[Say what you will, and scratch my heart to find]

Say what you will, and scratch my heart to find 
The roots of last year’s roses in my breast; 
I am as surely riper in my mind 
As if the fruit stood in the stalls confessed. 
Laugh at the unshed leaf, say what you will, 
Call me in all things what I was before, 
A flutterer in the wind, a woman still; 
I tell you I am what I was and more.

My branches weigh me down, frost cleans the air. 
My sky is black with small birds bearing south; 
Say what you will, confuse me with fine care, 
Put by my word as but an April truth,— 
Autumn is no less on me that a rose 
Hugs the brown bough and sighs before it goes.

Credit

This poem is in the public domain. Published in Poem-a-Day on August 24, 2024, by the Academy of American Poets.

About this Poem

“[Say what you will, and scratch my heart to find]” is the eighth and last sonnet featured by Edna St.
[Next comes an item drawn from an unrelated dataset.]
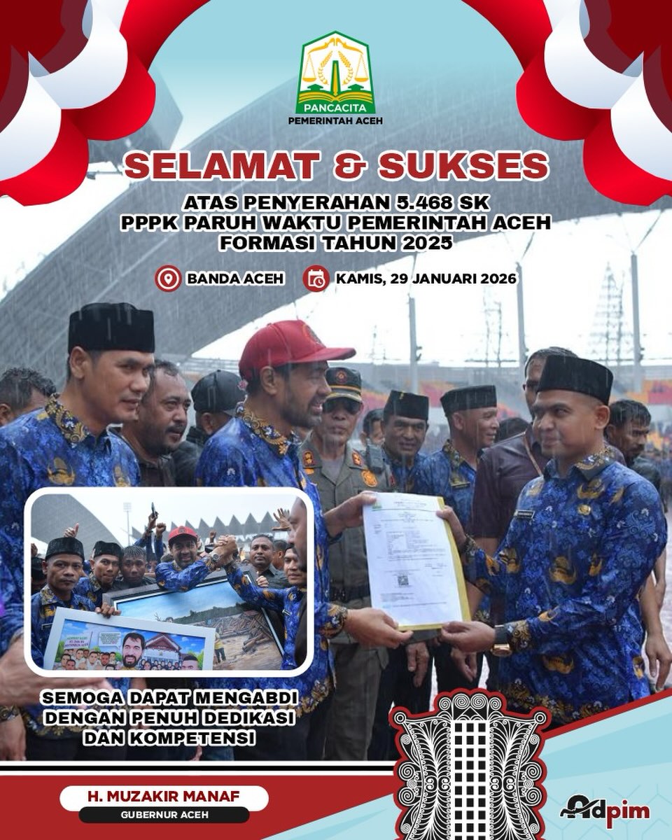 IKLAN BIRO ADPIM – UCAPAN SELAMAT ATAS PELANTIKAN PPPK PARUH WAKTU PEMERINTAH ACEH TAHUN 2026Penapost RedaksiJanuari 29, 2026Februari 20, 2026IKLAN Posting TerkaitIKLAN BAPPEDA ACEH – UCAPAN SELAMAT ATAS PELANTIKAN MIRZA TABRANI, SE., MBA., D.B.A SEDBAGAI REKTOR USKIKLAN BAITUL MAL ACEH – IKLAN LAYANAN TUNAIKAN ZAKATIKLAN DINAS ESDM ACEH – UCAPAN SELAMAT ATAS PELANTIKAN ASNAWI ST, M.S.M SEBAGAI KEPALA DINASIKLAN DINAS ESDM ACEH – UCAPAN TERIMA KASIH KEPADA TAUFIK, ST., M.SI ATAS PENGABDIAN DAN DEDIKASI SEBAGAI KEPALA DINAS ESDM ACEHIKLAN DINAS ESDM ACEH – UCAPAN SELAMAT MEMPERINGATI MALAM NUZULUL QUR’AB 1447 HIJRIAHIKLAN BAPPEDA ACEH – UCAPAN SELAMAT MEMPERINGATI MALAM NUZULUL QUR’AN 1447 HIJRIAHIKLAN DISTANBUN ACEH – UCAPAN SELAMAT KEPADA Dr. Ir. AZANUDDIN KURNIA, S.P., M.P SEBAGAI PLH KEPALA DINASIKLAN DISTANBUN ACEH – UCAPAN TERIMA KASIH KEPADA CUT HUZAIMAH ATAS PENGABDIAN SEBAGAI KADISTANBUN ACEHJangan LewatkanIKLAN BAPPEDA ACEH – UCAPAN SELAMAT ATAS PELANTIKAN MIRZA TABRANI, SE., MBA., D.B.A SEDBAGAI REKTOR USKIKLAN BAITUL MAL ACEH – IKLAN LAYANAN TUNAIKAN ZAKATIKLAN DINAS ESDM ACEH – UCAPAN SELAMAT ATAS PELANTIKAN ASNAWI ST, M.S.M SEBAGAI KEPALA DINASIKLAN DINAS ESDM ACEH – UCAPAN TERIMA KASIH KEPADA TAUFIK, ST., M.SI ATAS PENGABDIAN DAN DEDIKASI SEBAGAI KEPALA DINAS ESDM ACEHIKLAN DINAS ESDM ACEH – UCAPAN SELAMAT MEMPERINGATI MALAM NUZULUL QUR’AB 1447 HIJRIAHIKLAN BAPPEDA ACEH – UCAPAN SELAMAT MEMPERINGATI MALAM NUZULUL QUR’AN 1447 HIJRIAH

Vincent Millay in the anthology American Poetry, 1922: A Miscellany (Harcourt, Brace and Company, 1922). In 1927, The English Journal published “Edna St. Vincent Millay,” an essay by poet and literary critic Edward Davison. Davison praised and criticized Millay, stating, “Miss Millay’s metrical facility is usually clever enough to conceal her verbal lapses from a hasty reader. Her best work is written in an unfaltering, precise, and slightly epigrammatic style that weighs every word even when, as occasionally, it forgets to weigh the phrase.” Despite Millay’s popularity and winning a Pulitzer Prize for her poetry collection The Ballad of the Harp-Weaver (Flying Cloud Press, 1922), Davison concluded his essay with: “[Millay’s] work is not the poetic expression of some more or less consistent scheme of values, like the work of Mr. A. E. Housman, Mr. Robert Frost, Mrs. Browning […]. It has no scale to measure the world. Lacking that, a poet cannot even approach greatness.” In 1943, Millay won the Robert Frost Medal from the Poetry Society of America for her lifetime service to American poetry.